Immunohistochemical analysis of paraffin-embedded Human colon tissue labeling Met (c-Met) - C-terminal with ab314588 at 1/100 (5.0 ug/ml). Positive staining on human colon. The section was incubated with ab314588 at 4°C overnight (shown in green). Nuclear DNA was labelled with DAPI (shown in blue). The section was then mounted using Fluoromount^®. Image was taken with a confocal microscope (Leica-Microsystems, TCS SP8). Heat mediated antigen retrieval was performed using ab93684 (Tris/EDTA buffer, pH 9.0).

Immunohistochemical analysis of paraffin-embedded Human diffuse large B-cell lymphoma labelling CD10 with ab255609 at 1/1000 dilution, followed by a Goat Anti-Rabbit IgG H&L (HRP polymer) ready to use (ab214880). Positive staining on human diffuse large B-cell lymphoma is observed. Counter stained with hematoxylin. Secondary antibody only control : Used PBS instead of primary antibody, secondary antibody is a Goat Anti-Rabbit IgG H&L (HRP polymer) ready to use. Heat mediated antigen retrieval using ab93684 (Tris/EDTA buffer, pH 9.0).

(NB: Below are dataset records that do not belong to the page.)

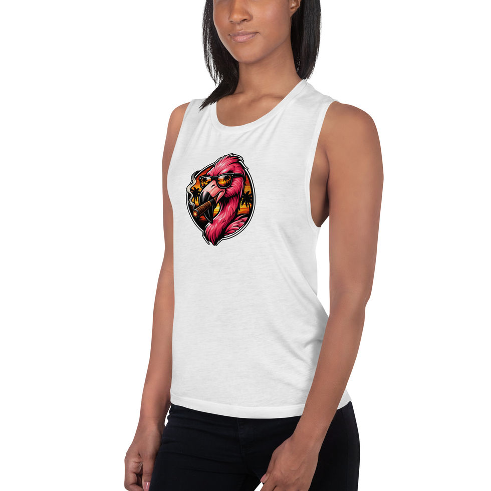 Finished with a curved hem and breathable fabric, this tank brings Flamingo Syndicate energy to warmer days and active moments. It’s the piece Rico throws on when comfort matters—but presence still counts.
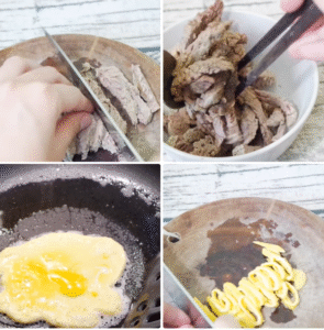 Bước 4 Cắt thịt bò và chiên trứng Canh bánh gạo tteokbokki (tteokguk) -
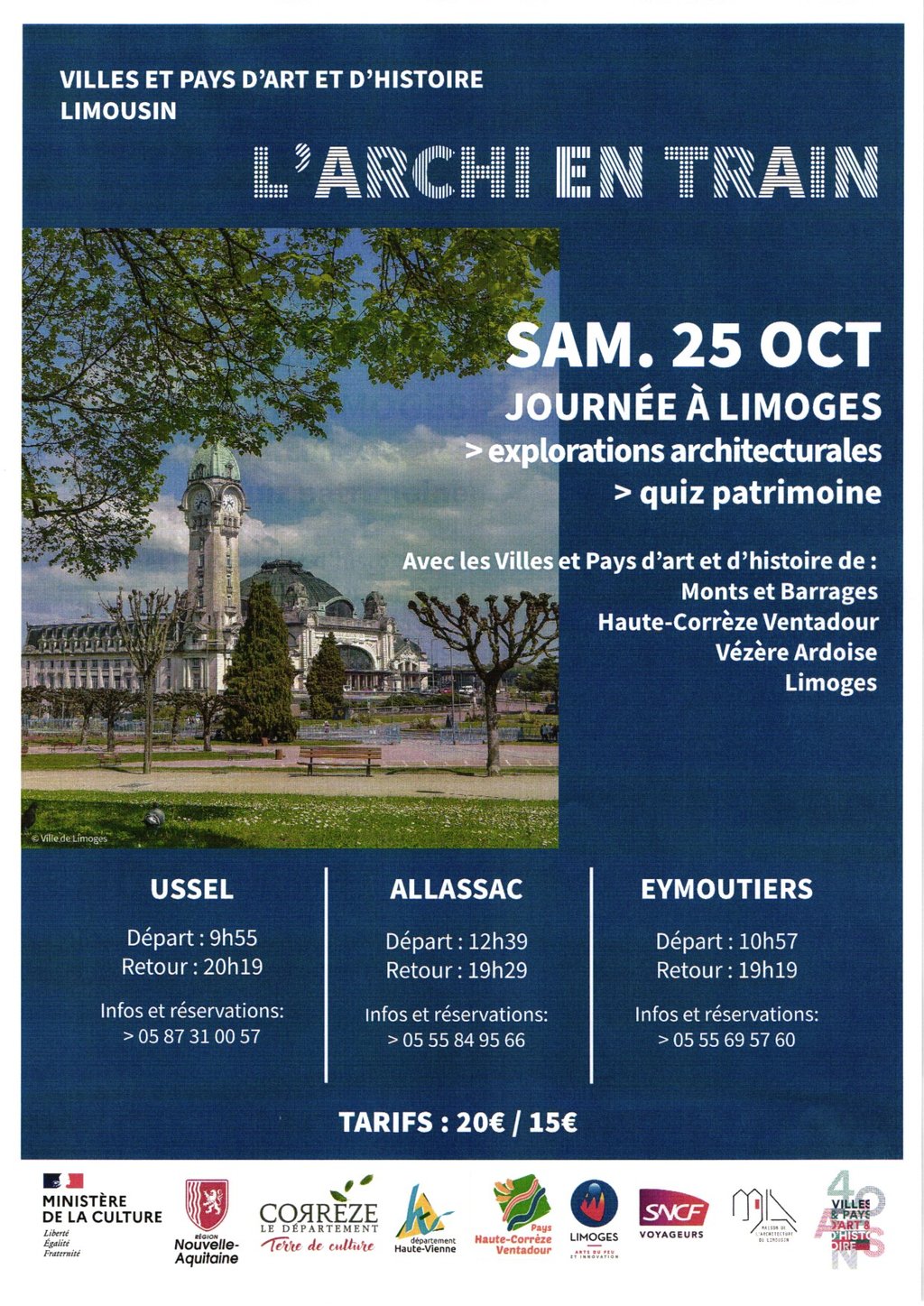 Avec les Villes et Pays d'art et d'histoire du Limousin (Limoges, Monts et Barrages, Haute-Corrèze Ventadour) et en partenariat avec La Maison de l'Architecture du Limousin et les TER Nouvelle-Aquitaine.

Immunohistochemical analysis of paraffin-embedded human cerebrum tissue labeling LC3B with ab307768 at 1/100 dilution (5.0 µg/ml). Cytoplasmic staining on human cerebrum. The section was incubated with ab307768 at 4°C overnight (shown in red). Nuclear DNA was labelled with DAPI (shown in blue). The section was then mounted using Fluoromount^®. Image was taken with a confocal microscope (Leica-Microsystems, TCS SP8). Heat mediated antigen retrieval was performed using ab93684 (Tris/EDTA buffer, pH 9.0).